# Thread: Solving for x, y, z, w in a matrix

1. ## Solving for x, y, z, w in a matrix

this is my 2nd question in over 12+ hours.

$\left[\begin{matrix}x+y&x+z\\y+z&w\end{matrix}\\]$

Equals

$\left[\begin{matrix}3&4\\5&4\end{matrix}\\]$

i got
x + y = 3 x+z = 5
y + z = 5 w=4

and i don't know what to do from there. text book is really horrible.

2. u always look how u can easy ur task ... u can do like this (or any another)
$x+y=3 \to y=3-x$ 1)
$y+z=5$ 2)
$x+z=5 \to z=5-x$ 3)

1) and 3) in 2) ...

3. Thanks a million yeKciM

4. Originally Posted by mgrexGT1
this is my 2nd question in over 12+ hours.
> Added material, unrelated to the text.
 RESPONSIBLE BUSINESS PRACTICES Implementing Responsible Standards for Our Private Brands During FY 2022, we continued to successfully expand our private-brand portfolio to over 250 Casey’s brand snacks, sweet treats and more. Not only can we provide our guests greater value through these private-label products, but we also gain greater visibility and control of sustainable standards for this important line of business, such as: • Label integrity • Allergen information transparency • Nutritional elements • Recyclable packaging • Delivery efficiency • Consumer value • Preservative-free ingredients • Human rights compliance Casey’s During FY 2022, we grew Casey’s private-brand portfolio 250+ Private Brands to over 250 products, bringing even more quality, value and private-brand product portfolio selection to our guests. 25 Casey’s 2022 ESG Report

$\left[\begin{matrix}x+y&x+z\\y+z&w\end{matrix}\\]$

Equals

$\left[\begin{matrix}3&4\\5&4\end{matrix}\\]$

i got
x + y = 3 x+z = 5
y + z = 5 w=4

and i don't know what to do from there. text book is really horrible.
You have four equations in four unknowns: x+ y= 3, x+ z= 5, y+ z= 5 and w= 4.
If you subtract the third equation from the second, you eliminate z: x+ z- (y+ z)= x- y= 0.
Can you solve the two equations x+ y= 3 and x- y= 0?